大型トラック「それから、アナタが今、持っているスマホ、タブレット、ノートパソコンを全て提出しなかった場合、公務執行妨害で逮捕します!なお、非常時につき電車、バスは帰宅用途限定で無料となります!」
オジサンA「!!!!!!!!?????」
オジサンAはよろめき泣き崩れながらスマホ、タブレット、ノートパソコンを台にセットして、そのままガクリと倒れて動かなくなった。
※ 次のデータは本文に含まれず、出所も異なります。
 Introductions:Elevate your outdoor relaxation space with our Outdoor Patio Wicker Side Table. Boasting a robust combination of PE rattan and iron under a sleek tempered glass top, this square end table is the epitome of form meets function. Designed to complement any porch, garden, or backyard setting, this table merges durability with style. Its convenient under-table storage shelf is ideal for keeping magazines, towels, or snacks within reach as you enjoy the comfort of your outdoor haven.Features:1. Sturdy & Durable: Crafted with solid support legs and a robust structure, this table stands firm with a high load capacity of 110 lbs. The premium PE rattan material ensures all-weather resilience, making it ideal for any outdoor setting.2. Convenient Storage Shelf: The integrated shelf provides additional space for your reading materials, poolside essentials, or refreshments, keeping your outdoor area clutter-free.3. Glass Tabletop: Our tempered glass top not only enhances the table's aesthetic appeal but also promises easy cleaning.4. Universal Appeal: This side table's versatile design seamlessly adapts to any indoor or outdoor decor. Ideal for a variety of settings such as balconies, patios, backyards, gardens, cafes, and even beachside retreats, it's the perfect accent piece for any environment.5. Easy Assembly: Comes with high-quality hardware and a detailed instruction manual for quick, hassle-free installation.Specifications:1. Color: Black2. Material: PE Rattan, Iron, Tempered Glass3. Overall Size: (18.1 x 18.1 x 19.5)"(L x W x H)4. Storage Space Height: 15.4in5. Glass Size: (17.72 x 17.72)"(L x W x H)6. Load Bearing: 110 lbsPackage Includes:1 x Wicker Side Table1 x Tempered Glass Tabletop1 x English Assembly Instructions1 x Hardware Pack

この勢いに圧倒され、近くの人は次々とセットしていき全ての台が埋まった。
大型トラックはトレーを収納すると、セットされた全ての機器の画面はセットされた順に『ダウンロード中…』となっていった。
間を開けることなく、もう一台、物騒な四角い大型トラックが後に停まると後のトラック「もっと、協力を!もっと、協力を!」
と二人の女学生のすぐ横で大きなスピーカーで響かせた。
女学生B「アタシはイヤッ!」
大型トラック「只今、エクスクラメーション…!」
女学生A「ちょっと待ってよっ!アタシたちが全部出せばいいんでしょ!ネッ!もう仕方ないから協力しよ…。」
女学生B「アナタのウチはお金持ちだからいいだろうケド…。」
女学生A「ソレもこれからどうなるかわからないよ…。もう仕方ないから…そんなことよりも、今の状況を考えて…。」
倒れたオジサンが僅かにピクリと動いた。向こうを向いた頭の目の辺りから大量の涙のシミが地面に拡がっていくのが見えた。
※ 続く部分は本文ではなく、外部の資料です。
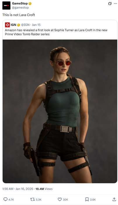 После публикации первого кадра с Софи Тёрнер в образе Лара Крофт из будущего сериала Tomb Raider в сети разгорелись споры о том, подходит ли актриса для этой роли. В обсуждение неожиданно включилась и торговая сеть GameStop, известная своей любовью к провокационным постам в соцсетях.
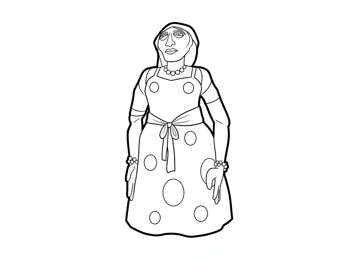 Ella va vestida amb un vestit blau marí i també porta la senyera catalana. Als braços porta braçalets de petxines i també collarets. També porta un mocador blau marí al cap.

二人の女学生は涙目でスマホをセットした。周りの人も次々とセットしていった。
大型トラック「もっと、協力を!もっと、協力を!」
近くの大きなスピーカーでさらに響かせた。
女学生A「アタシはコレしか持ってないわ!アナタも持ってないよ!ネッ!ネッ!」
女学生Bは泣きながらコクリと肯く、二人はお互いを支えながら大型トラックの横でガクリと膝をついて崩れた。
やがて、二人のスマホの画面は『ダウンロード中…』となっていった。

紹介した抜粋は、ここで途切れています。